In the twenty-three years my ex-wife and I were together, I learned two things: 1) That medication rarely did much more than take the edge off her symptoms; and 2) Forcing her to attend therapy didn't help. When our daughters went into crisis in 2001, treatment did not work for them either. This wasn't going to change as long as their mother was telling them there was nothing wrong with them. 

 

When their mother left, two things changed: 1) They finally had a good role model. I threw everything into self-care and my treatment; and 2) I validated their feelings and used boundaries to make clear what I would and would not do for them. They resisted. It was many months before they finally realized they could no longer manipulate me. This helped empower them to take control of their own recovery.

 

What worked for me:

  • Validation and Boundary Setting: Validating feelings and setting clear boundaries helped my daughters want to engage in treatment.

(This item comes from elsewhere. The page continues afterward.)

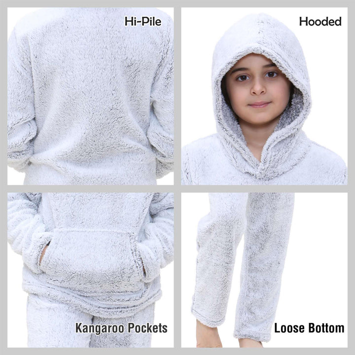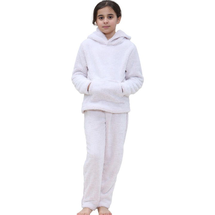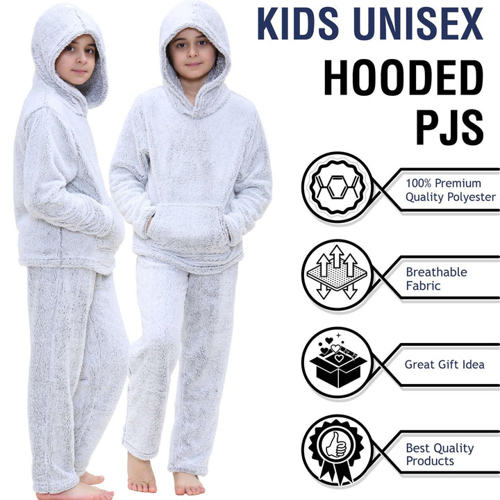 Kids Boys Girls Plain Pyjama Extra Soft Loungewear Thick Pile Fleece PJS Set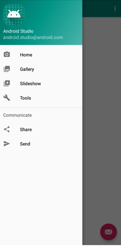 Lkt_Programmer 2019. 6. 5. 13:49내비게이션 드로어(Navigation Drawer)는 앱에서 사용 가능한 기능을 탐색할 수 있도록 Menu를 제공하는 화면입니다. 기본적으로 화면의 가장자리에 숨겨져 있으며 왼쪽에서 오른쪽으로 스와이프 동작을 수행하거나 App Bar의 아이콘을 클릭하여 화면에 표시할 수 있습니다.

  • Dialectical Behavioral Therapy: DBT provided both daughters a toolbox of coping skills. It was, and arguably still is, the treatment of choice for someone with BPD.

  • Personal Therapy: A traditional therapist helped me transition to self-care; an addictions therapist helped me address my alcohol abuse and codependency; an EMDR therapist helped me overcome PTSD (after years of family crises).

Overlap

While I've presented SET as three separate topics, in many cases they overlap, and that's generally a good thing.  Some examples from my own journey:

  • Self-care: After decades of focusing (and failing) to save my family, prioritizing self-care was hard. Then I realized there was a link between my positive role model and my daughters' willingness to focus on their own treatment. In a way, I used my codependent tendencies to prioritize self-care because it helped my daughters.

  • Educate, educate, educate: Educating myself enabled me to overhaul my dysfunctional role in the family and opened up new treatment options.

  • Treatment: Self-care turned out to be much more than getting a new hobby and going for regular walks. Decades of living from crisis-to-crisis had damaged me, and I needed treatment.   

Reasons for Hope

It's been over two decades since my youngest daughter, Zoe, was first admitted to a psychiatric unit. The transition from the crisis years that followed to independence and recovery was traumatic for everyone in the family. But today, I recognize our victories:

  • Lindsey: My ex-wife eventually stabilized and has achieved a level of long-term mental stability that alluded her during our time together. 

  • Gemma: The elder daughter diagnosed with BPD stabilized and no longer satisfies the criteria for a BPD diagnosis. She is happily married with five children.

  • Zoe: My youngest still battles addiction. She lives independently, embracing the support offered by the healthcare system. She knows the secret to success is to never give up trying. One day, I dare to hope she will be successful.

  • Me: I've found the real me, and I like who I am! I met and fell in love with Loretta. We've been happily married since 2010.